Creation on the Installment Plan
Cuvier taught that there had been many
successive world-catastrophes, by which all forms of life then living had been
destroyed. Accordingly, he had to have an equal number of successive creations,
each of these being on a little higher scale than the preceding. It was this
series of successive creations that laid the real foundation for the modern
theory of organic evolution. If the scientific world had not for fifty years
been accustomed to this long-drawn-out process of a sort of creation on the
installment plan, Darwin could never have gotten a hearing for any scheme of
organic evolution. And today, with the collapse of all the biological evidences
that have long been supposed to favor this theory, it is this background of
the long geological series that makes such men as Bateson and D. H. Scott
talk so naively about believing in the evolution theory as an "act of faith."
For when these men uttered these remarks, they had not become acquainted with
the exposure of the false logic and other kinds of blunders in this geological
series, with which we are now familiar.
Charles Lyell (1797-1875) accepted Cuvier's
scheme of the fossils as representing a true historical order; only he denied
the many catastrophes, and said that the various groups of fossils had died out
a few at a time, and that the entire geological changes had taken place by slow,
gradual movements of the earth's crust. This system of geology is known as
uniformitarianism, and is still very widely taught. We are not concerned
here with the physical or strictly geological aspects of this theory; it is only
its bearings on the development of organic evolution in which we are interested.
But no wonder Huxley remarks that Lyell "was the chief agent in smoothing the
road for Darwin. For consistent uniformitarianism postulates evolution as much
in the organic as in the inorganic world."—"Life and Letters," Vol. 1, p.
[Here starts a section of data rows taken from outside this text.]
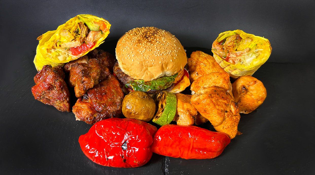 200 грамів шашлику, 100 грамів овочів гриль, 100 грамів картоплі на вибір, 1 соус та лаваш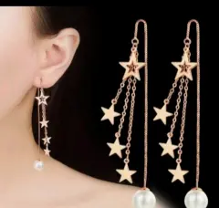 Aretes de estrellas con perla (largos). Hermosos aretes largos en forma de estrella con perla. Hechos de plata con incrustaciones de perla de imitación.
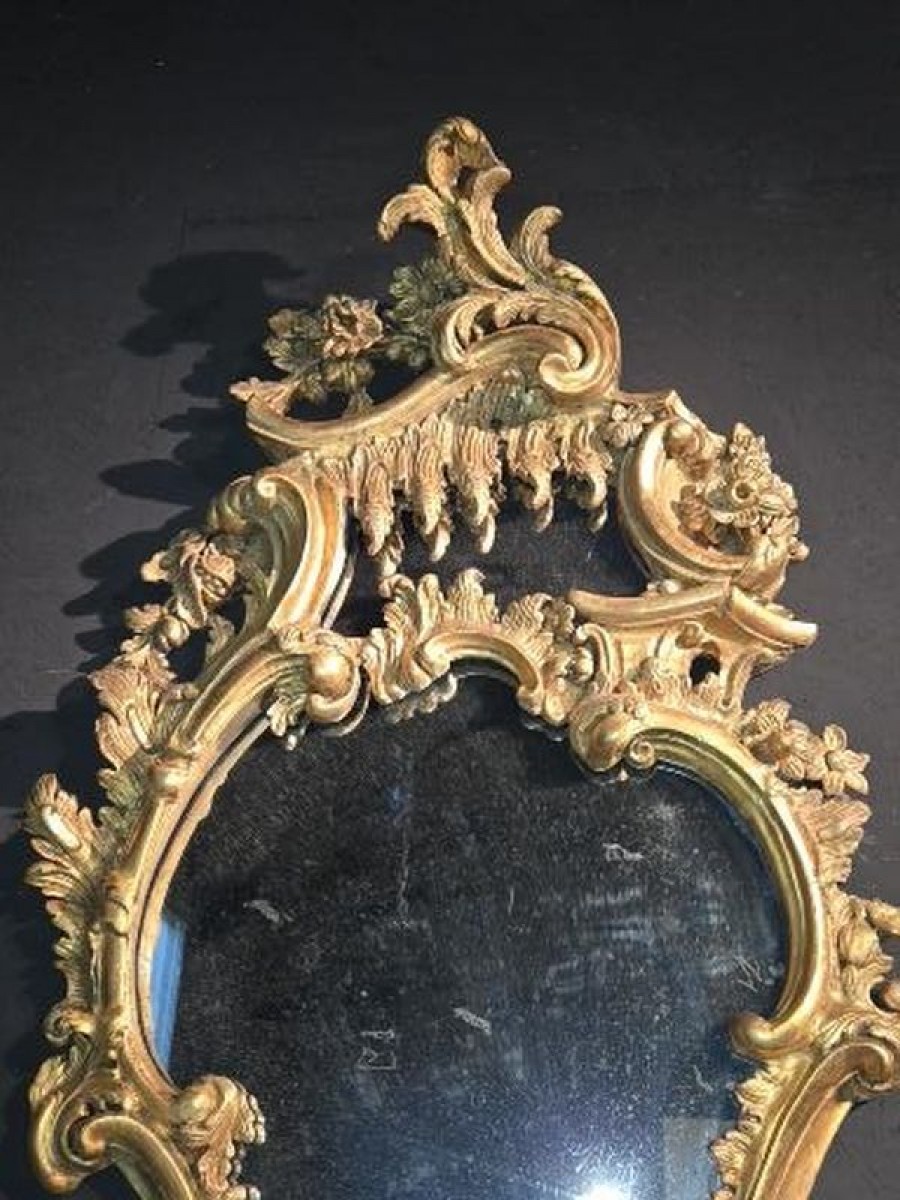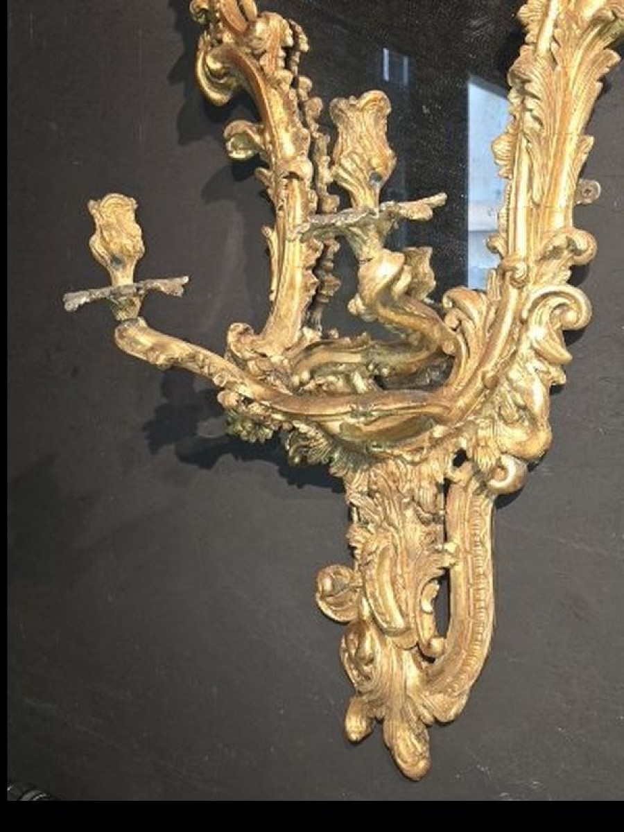 The mirrors feature a magnificent asymmetrical design, embellished with rocaille motifs, shell ornaments and scrolls. The candlesticks, in gilded lead, are highly worked.

168. In fact, Lyell's system of geology, which is the common or present-day
system, is merely the geological aspects of the general evolution doctrine;
and any one shows a lack of mental clearness who accepts the serial arrangement
of the fossils taught by Lyellism, and yet refuses to believe in organic
evolution somehow.
Thus before the middle of the nineteenth
century a system of evolutionary geology had become almost universally accepted
by the scientific world. Charles Darwin (1809-1882) merely undertook to fill in
the details, by attempting to show how species originate. If he and A. R.
Wallace (1823-1913) had not proposed their theory when and how they did, it is
almost certain that somebody would have done so sooner or later. For the
scientific situation then existing called loudly for something of the kind. When
the scientific world goes running off the main highway of truth, the only thing
that will convince them that they are traveling up a blind alley, is to follow
up the trail to the very end. In the preceding chapter we have seen that the
biologists are beginning to recognize that they are about at the end of their
blind alley. In the following chapter we shall see that the evolutionary
geologists are in even a worse predicament. Accordingly, the whole scientific
world is now (more or less blindly) hunting around for the lost highway, which
they left a hundred years ago under the brilliant, but nevertheless mistaken,
leadership of Baron Cuvier.
The parts of the theory of organic evolution
which were contributed by such men as Louis Agassiz, Herbert Spencer, Ernst
Haeckel, August Weismann, and others, need not detain us here.